As Facebook shares continue to stagnate, enterprise social media is holding firm, says Fortune's Miguel Helft.
There's no doubt as to when the dot-com bubble popped: it was on March 10, 2000, the day the Nasdaq peaked at 5,132.52. But when exactly did the social media bubble pop? Was it Nov. 23, when Groupon shares fell below their $20 IPO price or this week, when they neared $5? Was it May 18, the day of Facebook's IPO fiasco? Was it even more recently, when Facebook shares dipped below $20 for the first time or the day Zynga's began trading at less than $3 each, a whopping 70% below their offering price? Hard to say. But pop, it did.

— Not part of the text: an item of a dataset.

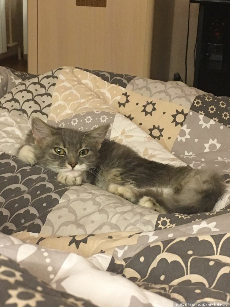 А он сейчас спит и ест. Я прихожу к бабушке, помогаю с едой, пеленками, он сразу ко мне бежит, ласкается. Хороший, добрый кот. Со всеми ладит, никого не кусает.

How quickly things have changed. It was just a year ago that Silicon Valley was gripped by an are-we-or-are-we-not in a bubble debate. Many of the Valley's brightest lights took the latter position, rejecting out of hand the notion that a bubble was at hand. These were all real companies, they insisted, with soaring revenue and healthy profits. There were no Pets.coms or Webvans this time around. Perhaps. But now, with Groupon, Facebook, and Zynga alone accounting for tens of billions in losses to investors, it's a different story.
Of course, even bloodied, none of these companies is going out of business. Social media is hardly dead. What's dead is the world's wild infatuation with all things social. That change alone could have profound implications.